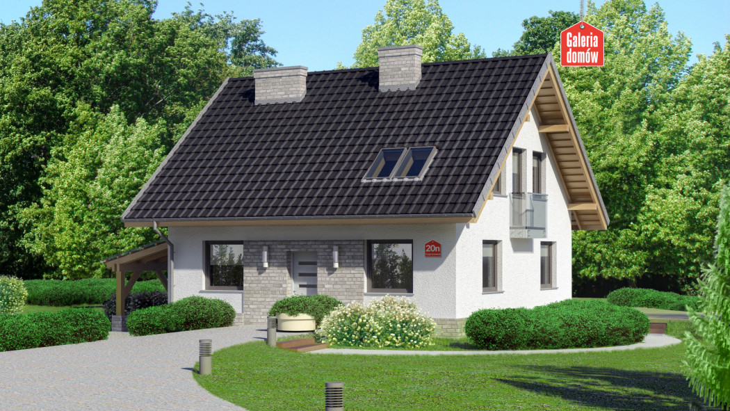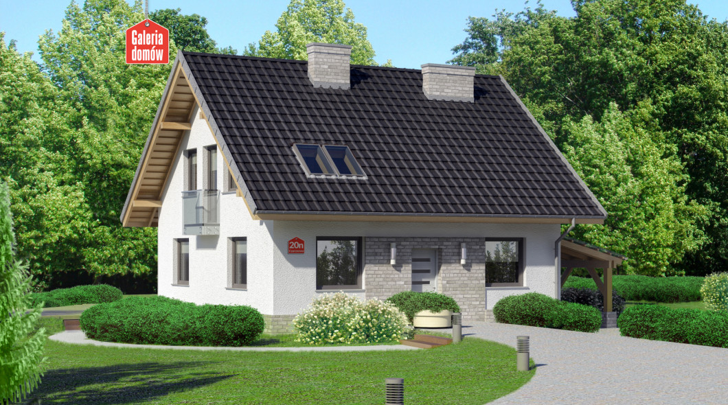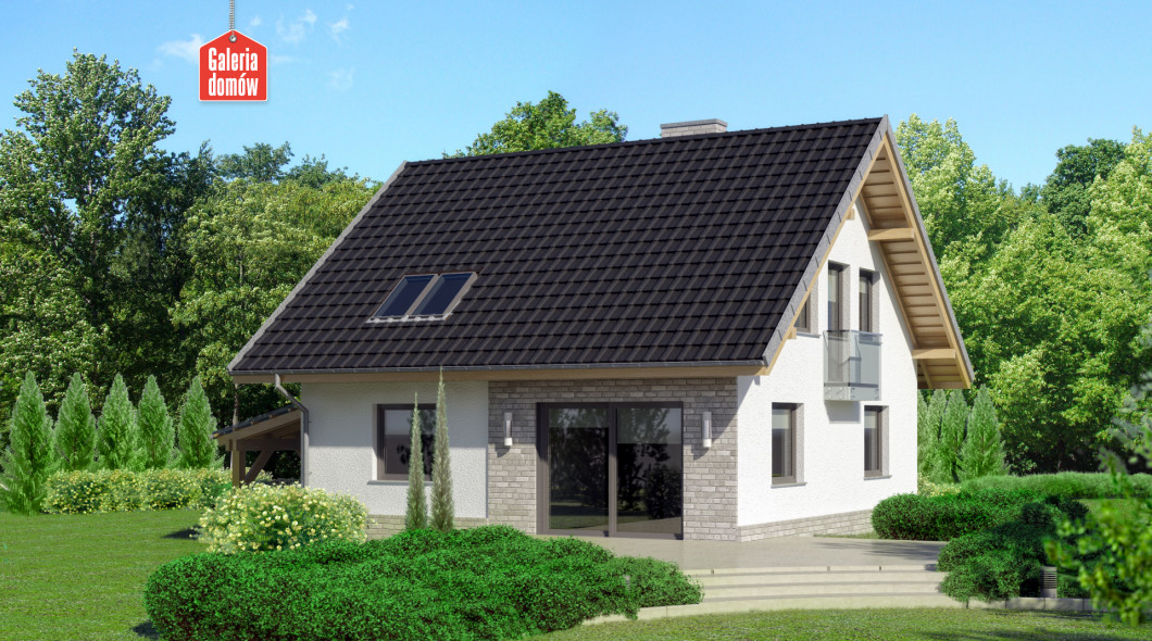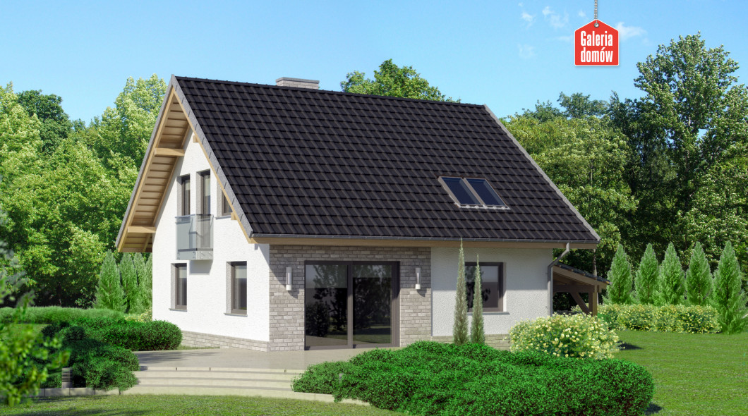 Tworząc kolejny projekt przyświecał nam prosty pomysł: dom o nowoczesnym wyglądzie, ale nawiązujący do sprawdzonych rozwiązań, który jednocześnie będzie ekonomiczny w eksploatacji i tani w budowie. Wychodząc z takich założeń stało się jasne, że dom musi posiadać zwartą bryłę. Prosty dwuspadowy dach, połaciowe okna zamiast lukarn i przejrzysty układ funkcjonalny to zalety tej kompozycji. Elementy nowoczesne to faktura i kolor elewacji, aluminiowa stolarka w odcieniach metalicznych, ceglany detal na podmurówce i czarna dachówka. W środku znajduje się, oprócz tradycyjnych pomieszczeń niezbędnych do codziennego funkcjonowania, aż 5 odpowiednich rozmiarów pokoi. Zamiast garażu pomyśleliśmy o wiacie, która w prosty sposób zabezpieczy auto przed niekorzystnymi warunkami atmosferycznymi.
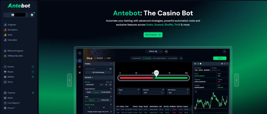 - シミュレーション機能 – 「Antebot Simulation」モードでは実際に賭けをせずに戦略をテストできます。シミュレーションは各カジノのハウスエッジを用いたProvably Fairなアルゴリズムで動作し、無制限の仮想コインでリスクなしに試行が可能です。
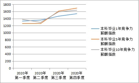 (注:2012年本科畢業(yè)1年薪酬加權(quán)平均數(shù)為3950,本科畢業(yè)5年薪酬加權(quán)平均數(shù)為7940,本科畢業(yè)10年薪酬加權(quán)平均數(shù)為13960)如下圖所示:
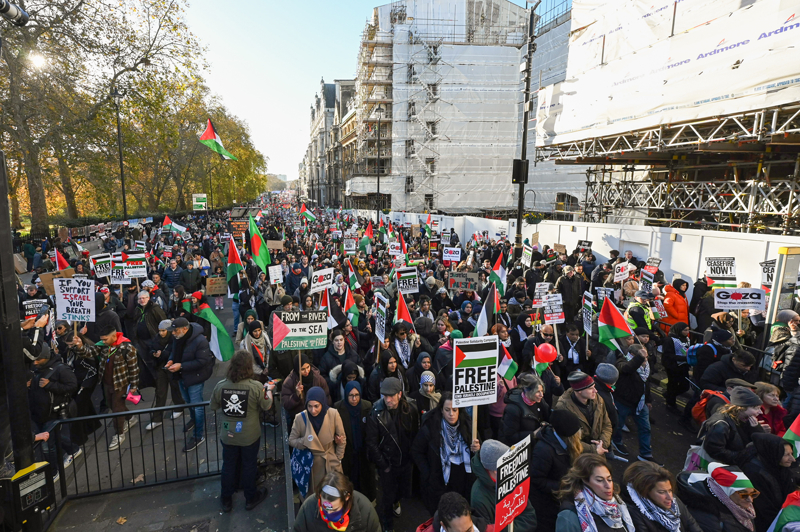 Kentin simge mekanlarından Hyde Park önünde toplanan vatandaşlar, çatışmalara verilen insani aranın, kalıcı ateşkese dönmesi talebiyle parlamento binasına yürüdü.
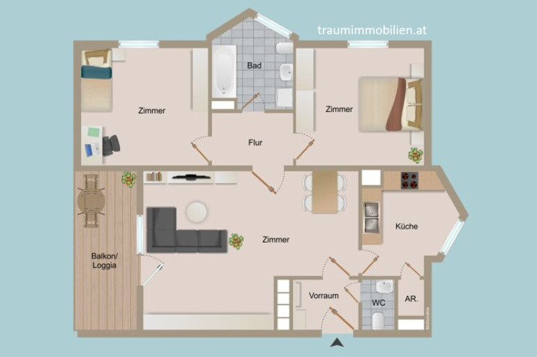 * Raumaufteilung: Vorraum, WC, Abstellraum, Küche, 3 Zimmer, Flur, Badezimmer
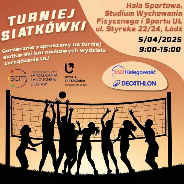 Serdecznie zapraszamy wszystkie koła naukowe naszego Wydziału do udziału w Turnieju Siatkówki, organizowanym przez Studenckie Koło Naukowe SCM

● **TASK BRIEF**: The records above, minus their pictures, are to be returned verbatim.

● **RESULT FOR THIS TASK**:
 Tworząc kolejny projekt przyświecał nam prosty pomysł: dom o nowoczesnym wyglądzie, ale nawiązujący do sprawdzonych rozwiązań, który jednocześnie będzie ekonomiczny w eksploatacji i tani w budowie. Wychodząc z takich założeń stało się jasne, że dom musi posiadać zwartą bryłę. Prosty dwuspadowy dach, połaciowe okna zamiast lukarn i przejrzysty układ funkcjonalny to zalety tej kompozycji. Elementy nowoczesne to faktura i kolor elewacji, aluminiowa stolarka w odcieniach metalicznych, ceglany detal na podmurówce i czarna dachówka. W środku znajduje się, oprócz tradycyjnych pomieszczeń niezbędnych do codziennego funkcjonowania, aż 5 odpowiednich rozmiarów pokoi. Zamiast garażu pomyśleliśmy o wiacie, która w prosty sposób zabezpieczy auto przed niekorzystnymi warunkami atmosferycznymi.
 - シミュレーション機能 – 「Antebot Simulation」モードでは実際に賭けをせずに戦略をテストできます。シミュレーションは各カジノのハウスエッジを用いたProvably Fairなアルゴリズムで動作し、無制限の仮想コインでリスクなしに試行が可能です。
 (注:2012年本科畢業(yè)1年薪酬加權(quán)平均數(shù)為3950,本科畢業(yè)5年薪酬加權(quán)平均數(shù)為7940,本科畢業(yè)10年薪酬加權(quán)平均數(shù)為13960)如下圖所示:
 Kentin simge mekanlarından Hyde Park önünde toplanan vatandaşlar, çatışmalara verilen insani aranın, kalıcı ateşkese dönmesi talebiyle parlamento binasına yürüdü.
 * Raumaufteilung: Vorraum, WC, Abstellraum, Küche, 3 Zimmer, Flur, Badezimmer
 Serdecznie zapraszamy wszystkie koła naukowe naszego Wydziału do udziału w Turnieju Siatkówki, organizowanym przez Studenckie Koło Naukowe SCM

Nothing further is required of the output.